Dataset excerpts:

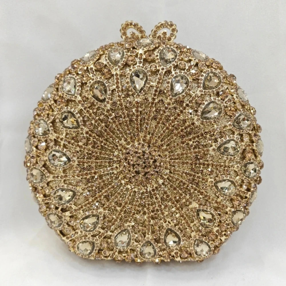 Exude mythic glamour with Olympia Goddess, a round clutch encrusted with crystals and gems, finished with a sleek clasp for a bold, divine statement.
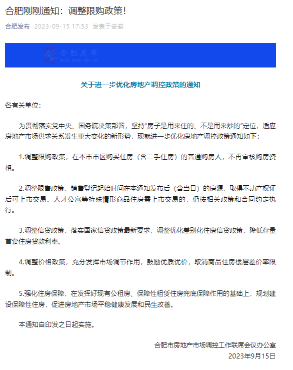 據合肥市人民政府新聞辦公室“合肥發佈”9月15日消息,合肥市房地產市場調控工作聯席會議辦公室發佈關於進一步優化房地產調控政策的通知。
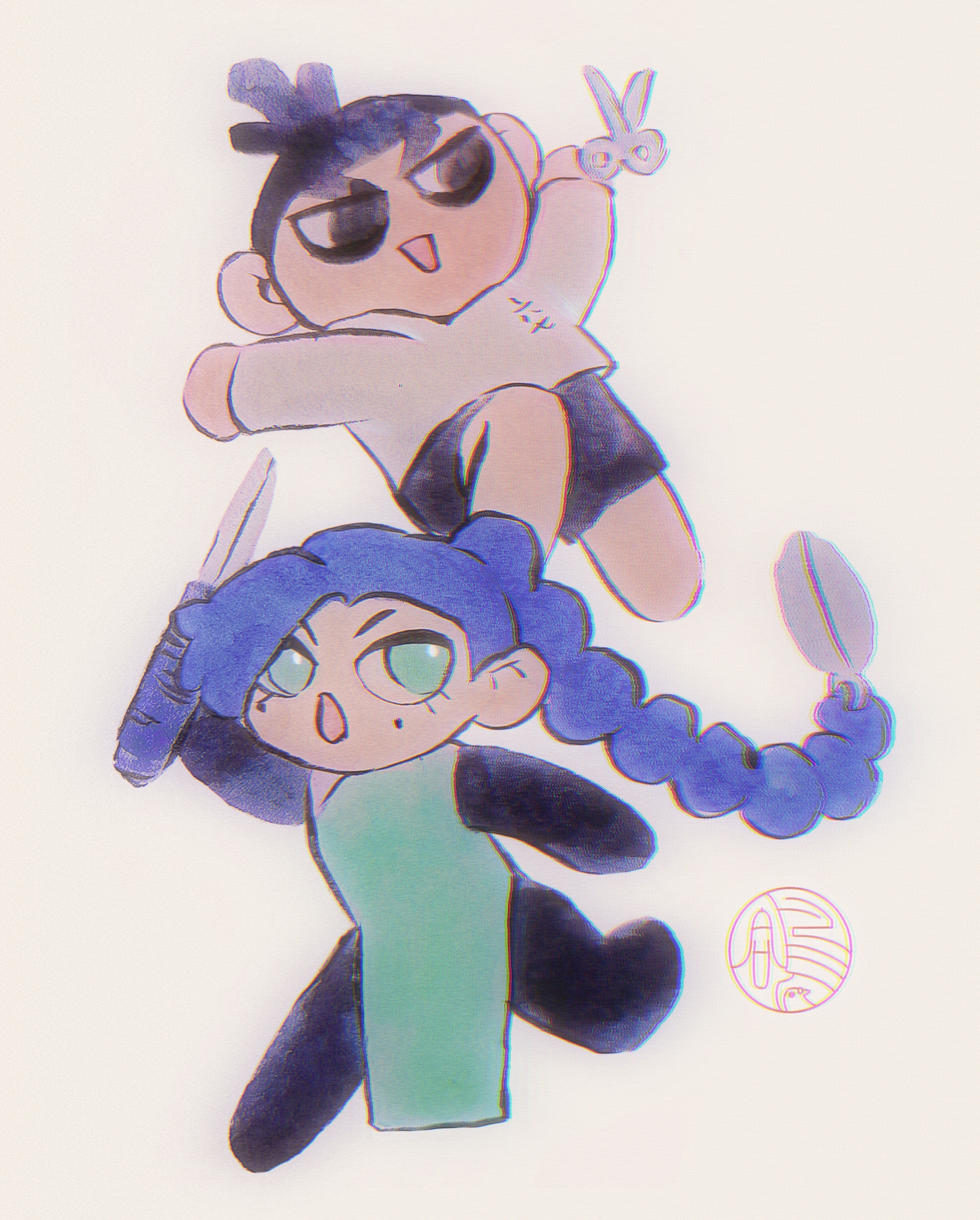 1boy 1girl absurdly_long_hair absurdres arm_up arms_up artist_name asymmetrical_hair barefoot black_bodysuit black_eyes black_hair black_shorts blue_hair blunt_bangs bodysuit bodysuit_under_clothes braid braided_ponytail chibi china_dress chinese_clothes chinese_text clothes_writing dagger dress flat_chest full_body godzillapigeon1 green_dress green_eyes happy highres holding holding_dagger holding_knife holding_scissors holding_weapon jumping knife leg_up long_hair looking_to_the_side matching_hair/eyes mole mole_under_eye open_mouth running scissor_seven scissors seven_(scissor_seven) shirt short_hair shorts side_ponytail signature simple_background single_braid sleeveless sleeveless_dress smile thick_eyebrows thirteen_(scissor_seven) topknot translation_request v-shaped_eyebrows very_long_hair weapon white_background white_shirt
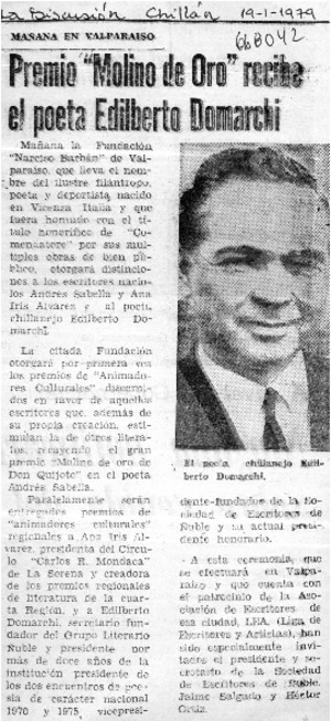 Premio "Molino de Oro" recibe el poeta Edilberto Domarchi. [artículo] La Discusión (Chillán, Chile)-- ene. 19, 1979, p. 2. retr. .
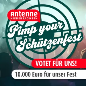 Wow – Antenne Niedersachsen „Pimp Your Schützenfest“! Wir sind dabei und können 10.000 Euro für unser Fest gewinnen. Unterstützt uns und votet für unseren Schützenverein. Bitte teilt dies mit allen, die ihr kennt – jede Stimme zählt!
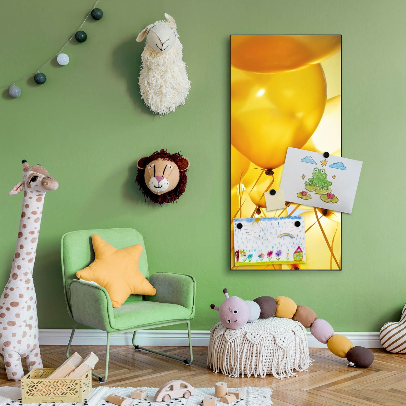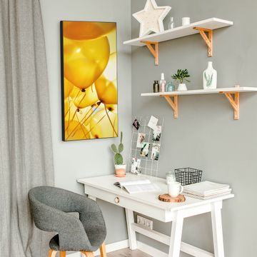 FUNKTION:  Die banjado Magnettafel mit Motiv Gelbe Luftballons Motiv bringt Ordnung in Ihr Zettelchaos. Fotos, Termine, Notizen oder Rezepte lassen Sich hier stilvoll mit Magneten ordnen, Sie behalten alles im Blick. An der Design Magnettafel halten alle handesüblichen Magnete. DESIGN:  Die magnetische Pinnwand mit dem Motiv Motiv Gelbe Luftballons ist ein eleganter Begleiter im Alltag. Mit dieser Memotafel aus Metall haben Sie auch ohne Notizen und Magnete ein schönes Dekoelement. Das Format bietet Ihnen ausreichend Platz um alle wichtigen Informationen im Blick zu behalten. DETAILS:  Die Magnettafel besteht aus silber-grau, weiß oder schwarzlackiertem Stahl. Sie hat eine Größe von 37 x 78 x 2cm. Es befinden sich auf der Rückseite vorgefertigte Aufhängungen die eine schnelle und unkomplizierte Anbringung ermöglichen. Das Motiv ist mit einem seidenmatten Laminat versehen und schützt so zusätzlich vor Kratzern. NUTZEN:  Sie können dieses Memoboard groß als Wandbild nutzen, es halten alle handelsüblichen Magneten daran. Die Pinnwand ist mit einem feuchten Lappen oder Schwamm abwischbar. Sie finden bei uns eine große Auswahl an passenden Magneten. BANJADO:  Wir sind ein kleines Team aus dem Herzen von Sachsen. Wir fertigen alle Artikel von Hand für Sie an, Sie erhalten keine preiswerte Importware. Auf Wunsch können Sie auch Ihr eigenes Foto auf die Magnettafel aufbringen, schreiben Sie uns an. Herzlichst, Ihr banjado-Team
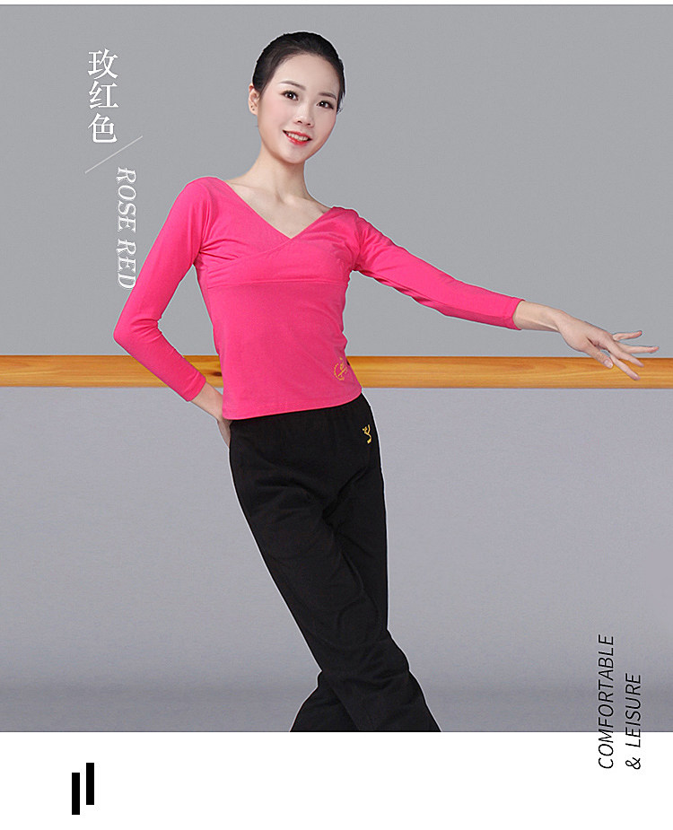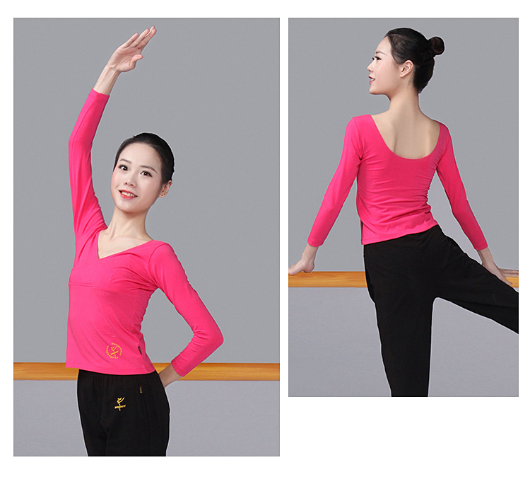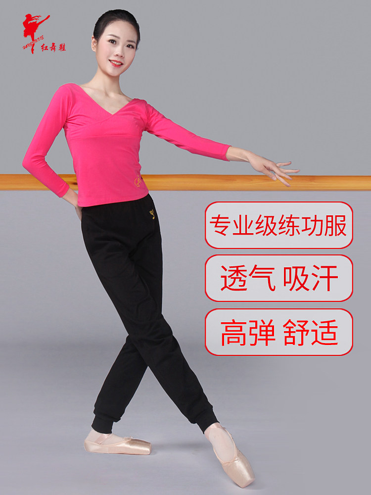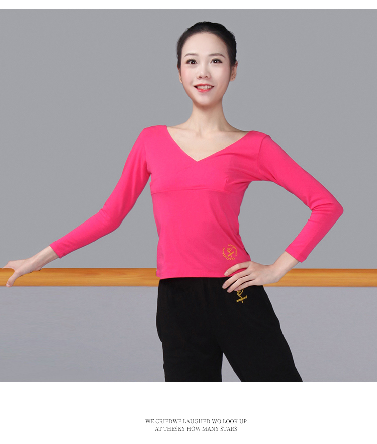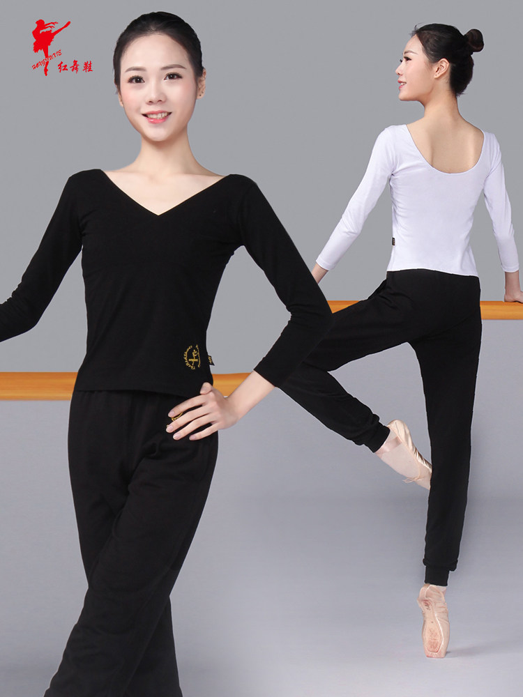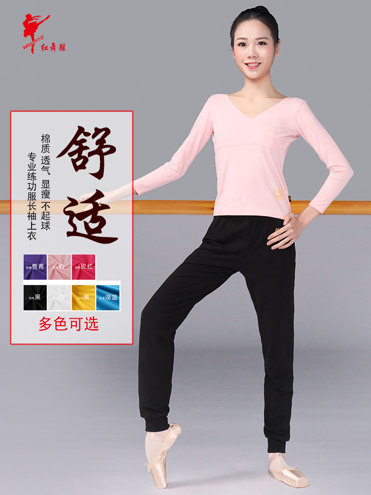 Красный Обувь для танцев, одежда для танцев длинный рукав большой размер чистый хлопок Футболка с V-образным вырезом и крестом верх Одежда женская взрослая детские Одежда для кадриль

WORK TO COMPLETE>
Above are the records. Copy only the lines from the one with "1boy 1girl absurdly_long_hair" through the one with "Wow – Antenne", exactly, with no pictures.

SOLUTION>
 1boy 1girl absurdly_long_hair absurdres arm_up arms_up artist_name asymmetrical_hair barefoot black_bodysuit black_eyes black_hair black_shorts blue_hair blunt_bangs bodysuit bodysuit_under_clothes braid braided_ponytail chibi china_dress chinese_clothes chinese_text clothes_writing dagger dress flat_chest full_body godzillapigeon1 green_dress green_eyes happy highres holding holding_dagger holding_knife holding_scissors holding_weapon jumping knife leg_up long_hair looking_to_the_side matching_hair/eyes mole mole_under_eye open_mouth running scissor_seven scissors seven_(scissor_seven) shirt short_hair shorts side_ponytail signature simple_background single_braid sleeveless sleeveless_dress smile thick_eyebrows thirteen_(scissor_seven) topknot translation_request v-shaped_eyebrows very_long_hair weapon white_background white_shirt
 Premio "Molino de Oro" recibe el poeta Edilberto Domarchi. [artículo] La Discusión (Chillán, Chile)-- ene. 19, 1979, p. 2. retr. .
 Wow – Antenne Niedersachsen „Pimp Your Schützenfest“! Wir sind dabei und können 10.000 Euro für unser Fest gewinnen. Unterstützt uns und votet für unseren Schützenverein. Bitte teilt dies mit allen, die ihr kennt – jede Stimme zählt!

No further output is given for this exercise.